WebArbiter-3B by ZYao720 is a 3.1 billion parameter reasoning Process Reward Model (PRM) for web agents, built on Qwen2.5-3B-Instruct, with a 32768 token context length. It specializes in generating interpretable, principle-inducing justifications for web agent actions, concluding with a preference verdict. This model achieves an Avg. BoN Acc of 59.06% on WEBPRMBENCH, outperforming larger open-source LLM-as-judge baselines and previous SOTA WebPRMs. It is designed for evaluating web agent actions, guiding trajectory search, and providing structured feedback in resource-constrained environments.
Loading preview...
WebArbiter-3B: Principle-Guided Reasoning for Web Agents
WebArbiter-3B, developed by ZYao720, is a 3.1 billion parameter Process Reward Model (PRM) specifically designed for web agents. Built upon the Qwen2.5-3B-Instruct architecture, it distinguishes itself by formulating step-level reward modeling as structured text generation, providing interpretable justifications rather than simple scalar scores.
Key Capabilities & Features
- Reasoning as Reward: Generates structured outputs including
<State>,<Criteria>,<Analysis>, and<Answer>, offering auditable reasoning chains for action preferences. - Principle-Inducing Evaluation: Dynamically derives evaluation principles from user intent and page state, enhancing robustness across diverse web environments.

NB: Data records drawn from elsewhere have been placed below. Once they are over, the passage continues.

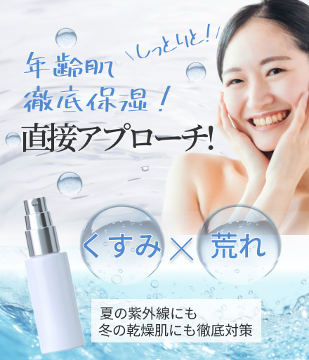 「年齢肌」や「徹底保湿」**といったコピーが筆記体に近いフォントで大きく配置され、
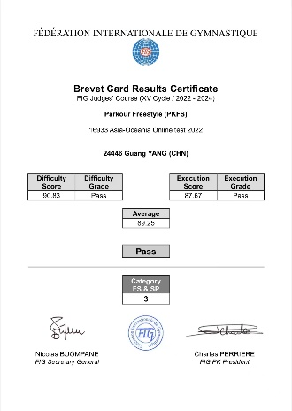 国际级裁判考试是国际裁判领域最高级别的认证考核,根据国家体育总局体操运动管理中心《关于选派裁判参加2022-2024周期国际跑酷裁判班的通知》文件要求,为适应国际各级各类技巧、跑酷比赛需要,提升技巧、跑酷裁判员队伍的梯队建设,体育总局体操运动管理中心选派裁判参加本次国际技巧、跑酷裁判班。杨光通过资格审查、初试、复试等环节,取得了优异的成绩并获得跑酷国际级裁判员称号。
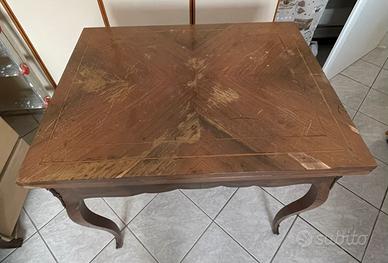 Elegante coppia di sedie con cuscini sfoderabili e tavolo estensibile con cassetto. Stato: da restaurare. Non effettuo spedizioni.
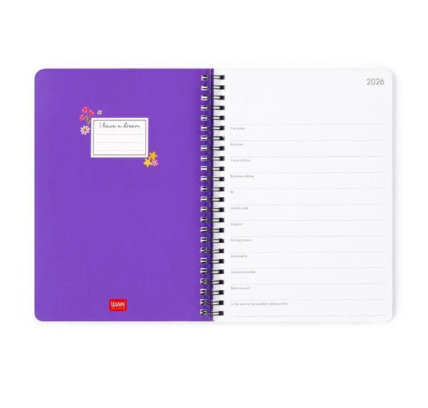 Organiza o teu dia-a-dia com a fantástica agenda 2026 temática flores da Legami.
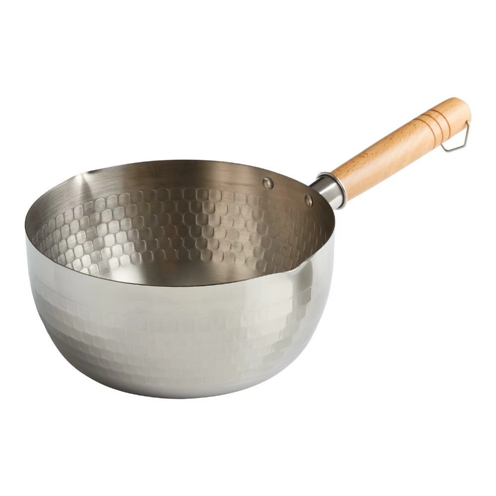 Crafted of stainless steel with a striking hammered finish, a heat-safe wooden handle and twin pouring spouts, our Asian-inspired stovetop pot is specially designed for cooking all varieties and styles of instant noodles. With a fast-heating construction that’s compatible with all cooktops, including induction ranges, this versatile pot is what you’ll reach for to make noodles soups, stews and sauces with quick, reliable efficiency.
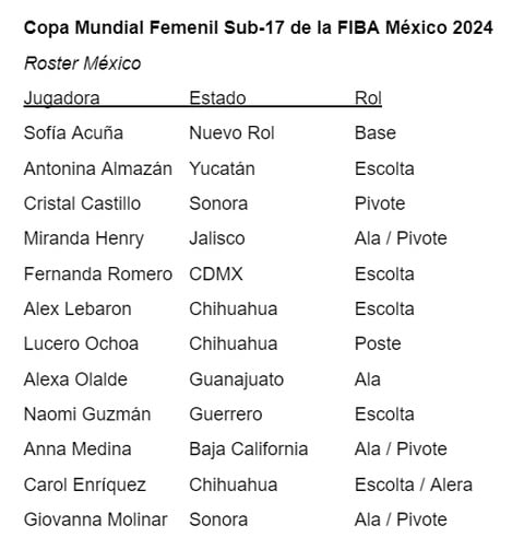 Dirigido por el coach Efraín Acuña, el cuadro mexicano presentó su roster para el evento integrado por 12 jugadoras, entre las que destaca la guanajuatense Alexa Olalde, quien desempeña la posición de ala, mismas que buscarán romper la hegemonía de los Estados Unidos, que ha ganado cinco de seis ediciones de la justa.

- Two-Stage Training: Utilizes reasoning distillation from an o3 teacher followed by Reinforcement Learning with Verifiable Rewards (GRPO) to refine verdicts and align with ground-truth correctness.
- Strong Performance: Achieves an Avg. BoN Acc of 59.06% on the WEBPRMBENCH benchmark, surpassing the previous 3B SOTA WebPRM by 15.5 points and outperforming open-source LLM-as-judge baselines up to 70B parameters.
- Efficiency: Despite its compact size, it demonstrates performance superior to larger models like WebShepherd-8B, making it suitable for resource-constrained deployment.
Intended Uses
- Evaluating Web Agent Actions: Determines which of two candidate actions better advances a user's task given a web state.
- Guiding Trajectory Search: Provides a crucial reward signal for Best-of-N sampling or tree search mechanisms in web agent execution.
- Interpretable Feedback: Offers structured, human-readable justifications for action preferences, aiding in debugging and analysis of web agent behavior.
Limitations
WebArbiter-3B operates on text-only accessibility tree representations, potentially missing visual cues. It is currently English-only and may exhibit a safe-action bias or occasional element reference hallucination.